Shell started to look at decommissioning the field in 2007. The oil company has had to engage in a stakeholder engagement programme to understand what the concerns of interested parties are, and must satisfy regulators, and the European Oslo-Paris Convention (Ospar), that its plans are sound. Ospar is the legal instrument guiding international cooperation on the protection of the marine environment of the north-east Atlantic. A final decommissioning scheme must also gain ministerial sign-off.

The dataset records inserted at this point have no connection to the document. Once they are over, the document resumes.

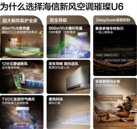操作技術(shù)上,海信新風(fēng)空調(diào)璀璨U6掛機(jī)支持“一句話多指令”的Deepseek語音系統(tǒng),躺著說一句“開空調(diào)、開新風(fēng)、不要直吹”,就能同步響應(yīng),格外省心。
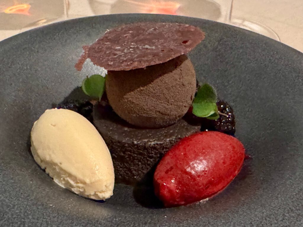 Brombeere mit Guanaya Schokolade und karamellisierter Landmilch
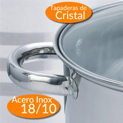 - Tapaderas de cristal para que pueda ver en todo momento como va el proceso de cocinado sin necesidad de destapar la tapadera.

Duncan Manning, who is leading the decommissioning of the Brent field for Shell, says: “The whole process takes time. We need to understand what we are doing – and why we are doing it. We have weighed up the dilemmas of the project and made sure we are doing the right thing. We have been engaging stakeholders in the UK but also in Europe more widely.”
He claims: “There is a deep understanding of what we plan to do and why we plan to do it, and the science which underpins the recommendations we are making.”

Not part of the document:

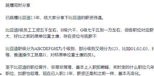 最近网络上可是炸开了锅,大家都在热议比亚迪的薪资情况呢!这不,最新消息一出来,简直让人眼睛一亮,咱们一起来探个究竟吧!

The four Shell platforms on Brent are known as Brent, Alpha, Charlie and Delta. Brent Alpha is a standard field jacket design but, unusually, the others are gravity-based structures and have concrete bases. There is more experience of decommissioning the field jacket design of Alpha, although there has been some experience of decommissioning gravity-based structures in the Norwegian sector of the North Sea, says Manning.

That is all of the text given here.